Fig 1.
(A) Reusable T-disk with a central metal mesh designed to fit into the Falcon center-well organ culture dish. (B) Cartoon of a biopsy placed on the T-disk in air/liquid interphase oriented with the epithelial cell layer upwards and the cut surface downwards, slightly submerged in the medium. (C) Picture of the open incubator. (D) Picture of the sealed incubator.
Table 1.
Clinical features of patients and healthy controls.
Fig 2.
Preservation of tissue morphology and robust cytokine release in the explant assay.

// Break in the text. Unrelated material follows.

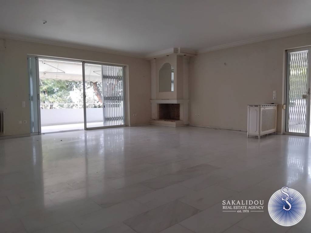 Voula, Pigadakia area, 2nd floor apartment of 155 sq m, great location, with good view and openess, quiet neighborhood, a pleasant and bright frontage apartment, with perimeter verandas, in a building complex with a huge beautiful garden, large outdoor pool, nice environment and in a very nice landscaped neighborhood. The apartment consists of a comfortable reception area with fireplace, 3 bedrooms, 1 Master, a total of 2 bathrooms, 1 WC, kitchen with walk-in pantry, oil autonomy, boiler, verandas, elevator, 1 underground parking space and a large high-ceiling storage room of 11 sq m.

Non-inflamed (A, C) and inflamed (B,D) biopsies from the same patient were cultured on T-disks (A, B) or transwells (C,D) for 24 hours and processed for histology. Representative pictures of H&E-stained paraffin-sections (n = 5 patients). Bars = 600 μm. (E) Spontaneous release of the cytokines IL-1β, IL-10, GM-CSF, IFN-γ and TNF-α from inflamed biopsies into the culture medium measured by Bio-Plex. Biopsies from the same patients were cultured on either T-disk or transwell as indicated. No difference in cytokine release was observed when comparing T-disk and transwell for all 5 cytokines in combination (P > 0.05, two-way ANOVA), but when analyzed alone, IL-10 and IFN-γ were significantly increased with T-disk (*P < 0.05, t-test). 2 biopsies per patient (n = 6). (F) Spontaneous release of GM-CSF from 6 inflamed patients, 4 biopsies per patients taken as closely as possible from each site, all shown individually. Data show mean ± SEM.
Fig 3.
Cytokine release in conditioned medium relative to degree of inflammation as determined by endoscopy and histomorphology.
Spontaneous release of the cytokines IL-1β, IL-10, GM-CSF, IFN-γ and TNF-α from (A) inflamed biopsies (n = 12 patients (2 biopsies/patient)), non-inflamed (n = 10 (2)) and normal controls (n = 6 (4)) into the culture medium measured by Bio-Plex. The inflammation states of CD biopsies were determined by the endoscopist. (B) Spontaneous release from severely inflamed (n = 3 biopsies), mildly/moderately inflamed (n = 6) and non-inflamed (n = 9) CD biopsies from 4 patients as determined by histology. Cytokine levels (pg/ml/100 mg tissue) are expressed as mean ± SEM. Statistical analyses (two-way ANOVA) were performed on the levels of the 5 cytokines in combination.
Fig 4.
Antibodies in the culture medium diffuse into the biopsy and bind to target cells.
Inflamed colonic biopsies were cultured in the presence of anti-CD31 and anti-CD3 antibodies (10 μg/ml each) for 20 hours followed by IHC staining of consecutive sections with isotype-specific anti-IgG2a (A) and anti-IgG1 (B) antibodies for detection of anti-CD31 and anti-CD3 antibodies, respectively. Arrows indicate blood vessels, which were stained in (A) by the anti-IgG2a secondary antibody specifically recognizing the anti-CD31 antibody. Blood vessels were not stained by the anti-IgG1 secondary antibody (B) that instead recognized the binding of the anti-CD3 antibody to T cells in the lamina propria (indicated by arrowheads). Bar = 100 μm.
Fig 5.
The assay responds to stimulation of the T cells and to a known biologic.
(A) Cytokine release from inflamed colonic biopsies incubated with either anti-CD3 (10 μg/ml) or isotype control (10 μg/ml) in the explant assay for 24 hours (n = 12 patients, 2–4 biopsies each). Significant differences are observed for GM-CSF, IFN-γ and TNF-α (paired t-test) as well as across the panel, P = .0026 (two-way ANOVA). (B) Cytokine release from inflamed colonic biopsies cultured in the presence of 10 μg/ml isotype control or 10 μg/ml IFX activated by 10 μg/ml anti-CD3 for 24 hours (n = 6 patients, 4 biopsies each). IL-17a, IL-12p40 and IL-2 now reaches detection threshold under anti-CD3 stimulation. IL-10, GM-CSF and IL-17a release were significantly decreased by IFX treatment in the activated test (paired t-test). (C) Cytokine release from inflamed colonic biopsies cultured in the presence of 10 μg/ml Infliximab (IFX) or isotype control for 24 hours (n = 10 patients, 2–4 biopsies each). IL-10 release was significantly decreased by IFX treatment (paired t-test). (D) Cytokine release from healthy colonic control biopsies cultured in the presence of 10 µg/ml Infliximab (IFX) or isotype control for 24 hours (n = 6 patients, 4 biopsies each). Of the patients in (C), three were non-responders (had no effect) to IFX. All 10 are showed here divided into responders (or untested) and non-responders for TNF-αrelease (E) and GM-CSF release (F) (paired t-test within a group and un-paired t-test between responders and non-responders). *P < .05, **P < 0.01.